Benyamin Netanyahou n’avait pourtant pas vraiment le choix pour ce poste ministériel important. «Bibi», comme l’appellent les Israéliens, avait besoin, après le cinquième scrutin national en Israël en moins de quatre ans, des voix de deux partis ultra-orthodoxes et de trois partis d’extrême droite pour obtenir une majorité au Parlement israélien et pouvoir former un gouvernement.
Ces mêmes partis dissidents ont manifestement réussi à torpiller le Premier ministre avec leurs exigences lors des négociations de coalition qui ont duré des semaines.
Itamar Ben Gvir n’est d’ailleurs pas le seul futur Ministre à faire grincer des dents. Le radical de droite Bezalel Smotrich, 42 ans, qui considère les femmes comme des machines à accoucher et les non-croyants comme des ennemis de l’État, devrait être nommé à la tête des Finances.
Le ministère de l’Intérieur, quant à lui, devrait revenir à Arje Deri, le chef du parti religieux radical Shas, condamné pour des délits fiscaux. Son parti semble également avoir obtenu que les juifs ultraorthodoxes soient exemptés du service militaire.
Netanyahou veut être juge et bourreau
Une autre chose inquiète particulièrement l’expert Peter Lintl: l’attaque de «Bibi» et de ses futures collègues contre la justice. Ceux-ci prévoiraient de rendre possible une annulation des décisions de la Cour suprême avec une simple majorité parlementaire.
Certains délits – comme celui de détournement de fonds, pour lequel Benyamin Netanyahou est lui-même accusé – doivent être supprimés des codes. «En Israël, les majorités politiques ne pourront plus guère être mises au pas par la Cour suprême», s’alarme Peter Lintl.

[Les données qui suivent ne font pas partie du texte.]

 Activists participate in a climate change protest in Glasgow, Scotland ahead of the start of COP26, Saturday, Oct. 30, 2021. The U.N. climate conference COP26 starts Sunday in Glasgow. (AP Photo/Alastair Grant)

Même l’allié le plus proche et le plus puissant d’Israël, les États-Unis, s’est risqué à des avertissements. L’équipe du président américain, Joe Biden, a fait savoir qu’il était difficile d’imaginer une collaboration avec les représentants radicaux du nouveau gouvernement.
La rédaction du «New York Times» a de son côté qualifié les derniers développements de «danger pour l’avenir d’Israël». Le Premier ministre israélien en exercice, Yaïr Lapid, s’est également exprimé sur Twitter et a déclaré que les projets politiques de Benyamin Netanyahou étaient un «affront aux valeurs de l’État».
Les réactions sont particulièrement vives du côté palestinien. La frustration des quelque 3 millions de Palestiniens vivant en Cisjordanie, occupée par Israël depuis 1967, est énorme. À la rhétorique agressive d’Israël s’ajoute le fait que le président palestinien vieillissant, Mahmoud Abbas, 87 ans, se maintient au pouvoir depuis 2009 sans légitimité démocratique.
L’année la plus sanglante depuis longtemps
En Cisjordanie, plusieurs nouveaux groupes radicaux se sont formés cette année, le plus important étant la «brigade de la grotte du lion», qui planifie des attentats contre l’occupant israélien. Au moins 31 Israéliens ont été tués dans des attaques palestiniennes en 2022.
La réponse militaire d’Israël, elle, a coûté la vie à 135 Palestiniens, au moins. L’année 2022 a ainsi été la plus sanglante au Proche-Orient depuis longtemps.
Pourtant, selon un sondage du Centre palestinien de recherche politique et de statistique, près des trois quarts des Palestiniens approuvent les actions de tels groupes, malgré la riposte meurtrière. Depuis des mois, des attaques de représailles israéliennes ont lieu presque quotidiennement, surtout dans les deux grandes villes palestiniennes de Jénine et Naplouse.
Lors d’une attaque sur Naplouse en octobre, quasi toute l’équipe dirigeante des «Brigades du Lion» a perdu la vie. Aujourd’hui encore, des enfants jouent sur les places étroites de la métropole avec les amulettes des «martyrs» autour du cou. Les murs de pierre de la vieille ville sont remplis d’affiches de photos des brigadistes tués. En Terre sainte, à l’approche de Noël, les vieilles rancœurs ont remplacé l’ambiance de fête.